[rrd-users] Scaling rrd tables for best performance

Thu Dec 6 04:36:31 CET 2007

Hi there...

I'm about to start using rrd to measure several aspects of a few hundred 
servers. Just as an example, every server will have it's cpu (idle, 
kernel, user, iowait, etc), it's memory (used real, buffers, cache, 
unused real, swap, total real), it's partitions space (two DSes per 
partition: used and free) and a few other interesting values being 
monitored. By the end of the day, one server alone will have from 25 to 
30 different DSes.

I can have each server information store on a "server.rrd" file, like:

server1.rrd, server2.rrd, etc...

Or have it split among several rrd files for the same server, like:

server1_cpu.rrd, server1_mem.rrd, server1_network.rrd, 
server1_generic.rrd, server2_cpu.rrd, etc...
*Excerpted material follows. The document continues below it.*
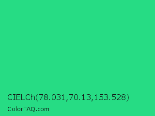 CIELCh 78.031,70.13,153.528 Color is a normal green color and the nearest color is Shamrock #33cc99. Hex code #26dc84 and RGB value is rgb(38,220,132). In RGB color space, this color is composed of 15% red, 86% green, 52% blue, In CMYK color space, this color is composed of 83% cyan, 0% magenta, 40% yellow , 14% black , In HSL color space, this color has a hue angle of 151° , 72% saturation and 51% lightness.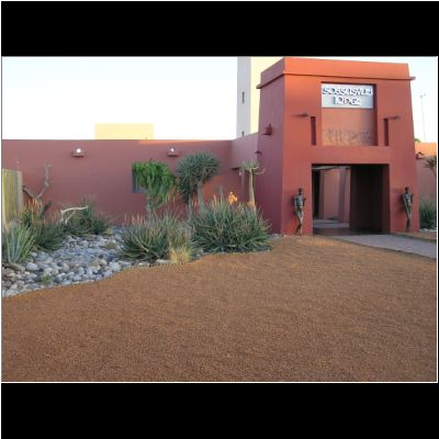 Als ob ein afrikanisches Reich alt, Damara Mopane Lodge befindet sich in einem Halbkreis von Verkettungs Wege führen zu einem reichhaltigen Pool in der Mitte errichtet. Innovativem Design hat jedes Chalet über einen eigenen kleinen Garten mit Gemüse bepflanzt. Leuchtend gelbe Sonnenblumen lugen aus zwischen grünen Spinat, Rote Bete und verrückten Vogelscheuchen, eine bezaubernde Lodge Einstellung zu schaffen. Das Labyrinth der Gänge führt zu einem großen und fröhlichen zentralen Bereich. Ein Wasch von frischen grünen hellt das Innere ebenso wie die herzförmigen Blätter Mopani in der Lodge stencilled. Das Hotel liegt in der Nähe von Khorixas auf dem Weg zu den berühmten Twyfelfontein Stiche, enthält Damara Mopane Lodge den Geist von Damaraland und die Damara, erweitert seine Hand auf Einheimische und Besucher gleichermaßen in einem "Hallo Nachbar" Gruß und verbindet Kulturen und Nationalitäten.

I'm going to start with something around 500-600 servers but I'm 
expecting it to grow to a few thousands for the next year and I would 
like to have things scaled for that growth.

I have read (somewhere I don't remember, the source may not be reliable) 
that rrdtool caches information in memory to speed up the real-time 
calculations, but I don't yet understand how it would be possible 
between two different measurements, since the "rrdupdate" process is not 
a daemon that would stay loaded in memory all the time, but would be 
called at every step. It gives me the impression that at every system 
call to rrdupdate, it would copy all data from disk to memory, do all 
calculations and then flush data back to disk (causing some disk 
activity, but that's understandable and desirable if you want make sure 
that the fewest data possible would be lost in case of a system crash).

Everything I'm saying is pretty much a guess based on the documentation 
(that doesn't go that far into the rrdtool internals for obvious reasons).

So, my main questions are:

How does rrdtool handles the data IO operations between disk and memory? 
Is my understanding close to how things works or am I completely wrong 
about it?

Also, which of those two options would give me best performance for 
real-time monitoring? Having multiple rrd files for each aspect of each 
host (reads having DSes from the same server on different files), or 
having a single rrd file with all aspects from a given host (reads 
having all DSes on the same file)?

Regards,
Eduardo M. Bragatto.